| BRIEF |
The stretch wanted below opens at the line containing "ОБУЧЕНИЕ ! Перманентный" and closes at the line containing "tracolla in catena e in stoffa logata.". Please return it exactly, with no other lines.

| RECORDS SHOWN |
===============

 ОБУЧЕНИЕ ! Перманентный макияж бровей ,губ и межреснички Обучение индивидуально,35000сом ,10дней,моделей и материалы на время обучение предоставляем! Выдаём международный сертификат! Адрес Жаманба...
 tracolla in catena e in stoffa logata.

===============

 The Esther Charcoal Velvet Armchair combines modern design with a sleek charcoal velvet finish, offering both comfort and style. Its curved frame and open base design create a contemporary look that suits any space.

===============

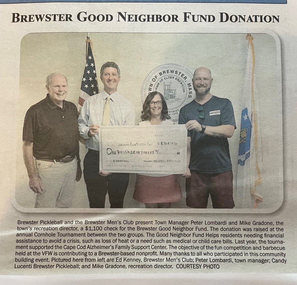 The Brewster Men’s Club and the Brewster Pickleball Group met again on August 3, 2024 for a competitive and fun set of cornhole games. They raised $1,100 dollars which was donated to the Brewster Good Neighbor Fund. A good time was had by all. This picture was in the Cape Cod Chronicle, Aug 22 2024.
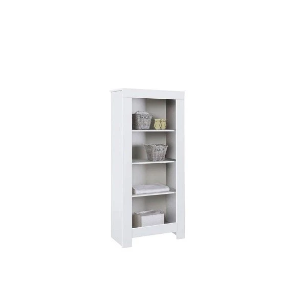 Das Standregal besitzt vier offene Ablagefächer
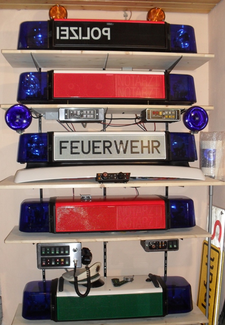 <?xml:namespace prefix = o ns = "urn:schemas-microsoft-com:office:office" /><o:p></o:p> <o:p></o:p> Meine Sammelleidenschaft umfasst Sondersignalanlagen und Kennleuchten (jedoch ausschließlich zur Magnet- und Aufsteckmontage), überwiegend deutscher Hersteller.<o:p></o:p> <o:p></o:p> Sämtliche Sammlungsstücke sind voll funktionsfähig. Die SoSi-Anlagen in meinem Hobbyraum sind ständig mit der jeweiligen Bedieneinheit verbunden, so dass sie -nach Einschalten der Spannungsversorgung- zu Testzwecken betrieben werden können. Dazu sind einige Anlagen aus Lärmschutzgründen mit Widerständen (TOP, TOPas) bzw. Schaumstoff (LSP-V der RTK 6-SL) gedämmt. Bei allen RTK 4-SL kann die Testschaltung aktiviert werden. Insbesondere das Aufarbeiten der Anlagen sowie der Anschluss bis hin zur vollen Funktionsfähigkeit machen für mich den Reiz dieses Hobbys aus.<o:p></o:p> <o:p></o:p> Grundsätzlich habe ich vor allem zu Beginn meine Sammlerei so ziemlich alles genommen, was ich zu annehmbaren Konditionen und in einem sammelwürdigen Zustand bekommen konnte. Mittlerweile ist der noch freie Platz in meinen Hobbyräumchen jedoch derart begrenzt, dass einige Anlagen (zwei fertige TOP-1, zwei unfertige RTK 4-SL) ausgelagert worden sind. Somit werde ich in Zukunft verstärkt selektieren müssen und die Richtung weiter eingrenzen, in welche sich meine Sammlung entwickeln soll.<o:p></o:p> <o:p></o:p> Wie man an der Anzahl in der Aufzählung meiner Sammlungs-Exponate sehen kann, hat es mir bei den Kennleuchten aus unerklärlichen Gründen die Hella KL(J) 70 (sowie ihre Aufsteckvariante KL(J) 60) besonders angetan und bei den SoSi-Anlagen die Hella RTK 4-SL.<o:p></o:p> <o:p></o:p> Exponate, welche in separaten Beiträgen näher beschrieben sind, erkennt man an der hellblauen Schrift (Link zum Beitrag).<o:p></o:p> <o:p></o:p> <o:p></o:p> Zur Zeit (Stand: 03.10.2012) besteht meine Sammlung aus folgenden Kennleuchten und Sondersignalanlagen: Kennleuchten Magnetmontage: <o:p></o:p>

===============

| ANSWER BELOW |
 ОБУЧЕНИЕ ! Перманентный макияж бровей ,губ и межреснички Обучение индивидуально,35000сом ,10дней,моделей и материалы на время обучение предоставляем! Выдаём международный сертификат! Адрес Жаманба...
 tracolla in catena e in stoffa logata.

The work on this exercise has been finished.